You can proxy the google analytics script via your own server, save it locally and auto update the file every hour to make sure it's always latest version from google.

I've done this on a couple of sites now and all is working fine.

Google Analytics Proxy Route in NodeJS / MEAN Stack

This is how I implemented it on my blog that's built with the MEAN stack.
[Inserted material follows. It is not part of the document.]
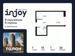 Прямая продажа от застройщика. В жилом квартале, расположенном в Войковском районе Москвы, продаётся 1-комнатная квартира площадью 26 кв.м без отделки. Квартира расположена на 15 этаже 35-этажного дома, корпус 1, в жилом квартале бизнес-класса INJOY.

router.get('/analytics.js', function (req, res, next) {
    var fileUrl = 'http://www.google-analytics.com/analytics.js';
    var filePath = path.resolve('/content/analytics.js');

    // ensure file exists and is less than 1 hour old
    fs.stat(filePath, function (err, stats) {
        if (err) {
            // file doesn't exist so download and create it
            updateFileAndReturn();
        } else {
            // file exists so ensure it's not stale
            if (moment().diff(stats.mtime, 'minutes') > 60) {
                updateFileAndReturn();
            } else {
                returnFile();
            }
        }
    });

    // update file from remote url then send to client
    function updateFileAndReturn() {
        request(fileUrl, function (error, response, body) {
            fs.writeFileSync(filePath, body);
            returnFile();
        });
    }

    // send file to client
    function returnFile() {
        res.set('Cache-Control', 'public, max-age=' + oneWeekSeconds);
        res.sendFile(filePath);
    }
});

Google Analytics Proxy Action Method in ASP.NET MVC

This is how I implemented it on other sites built with ASP.NET MVC.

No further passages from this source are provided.